「ミサイル発射は金正日総書記の遺言。間違いなく強行される」元専属料理人が語る北朝鮮の思惑
北朝鮮が4月12日から16日の間に予告している「ミサイル発射」には、どのような思惑が隠されているのか。故金正日総書記の元専属料理人を2001年まで13年間務めた藤本健二氏は、2月の米朝交渉に反発する軍部の暴走とする説を一蹴、これは金正日総書記の決裁を受けたものだと断言する。
「ミサイル発射には大がかりな準備が必要で、事前準備に半年から1年以上かかります。

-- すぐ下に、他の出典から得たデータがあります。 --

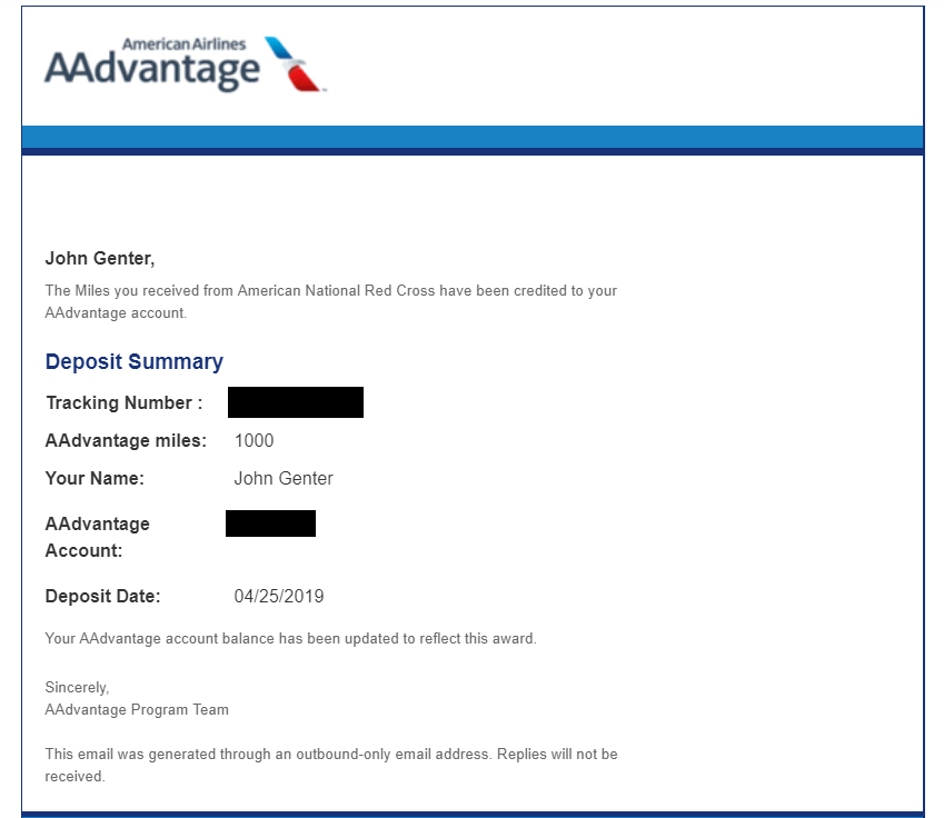 The terms and conditions are short, but include a couple of important pieces of info: you need to provide your AAdvantage number at the time of donation, and miles won't show up on your statement for 30 to 45 days after the donation is received. So don't count on the miles posting immediately.

発射は金正日総書記が亡くなる前に決まっていたと考えるべきなのです」
もともと、北朝鮮は故金日成主席の誕生100周年、金正日総書記の誕生70周年に当たる今年2012年を、「強盛大国への大門を開く年」にするとして、4月15日(故金日成主席の誕生日)に北朝鮮の国際的権威を高める大イベントを計画していた。「その大イベントこそが、極軌道で地球を周回する軍事スパイ衛星『光明星3号』の打ち上げだったのでしょう」(藤本氏)というわけだ。
「北極から南極にかけて周回するわけですから、北朝鮮は北半球から南半球まで、すべての国を監視することが可能となる。これまで、北朝鮮はアメリカの衛星によって細かく偵察されてきました。そのため、金正日総書記は視認されにくい夜間を選んで移動していたほど。それが、これからは逆にアメリカ側の動きを偵察できるわけですから、これほど内外に政権の力をアピールできる材料はない。『北朝鮮は軍事的強国だ。アメリカにも負けることはない』と、大見えを切ることができるのです」(藤本氏)
米国などは「光明星3号」を“長距離ミサイル”として危険視、食糧支援中断などの制裁措置を発表している。しかし、これほどのリスクを犯しても、今回のミサイル発射は強行されると藤本氏は見る。
「ご存じのように、三男の正恩氏が後継者に決定しました。今回のミサイル発射はあらためてロイヤルファミリー内で権力継承がされたことを祝賀する一大号砲の性格も併せ持っているのです。しかも、金正日総書記が死去しただけに、若い後継者である正恩大将を支え、その権威を高めることが以前にも増して重要になっている。そのためにも、ますますミサイル発射を成功させることが要求されているわけで、国際社会がいくら自制を迫っても北朝鮮がそれに応じることはまずないでしょう」
金正日総書記の“遺言”によって発射されるミサイルだけに、自制を求める諸外国の声は北朝鮮の耳に入らないようだ。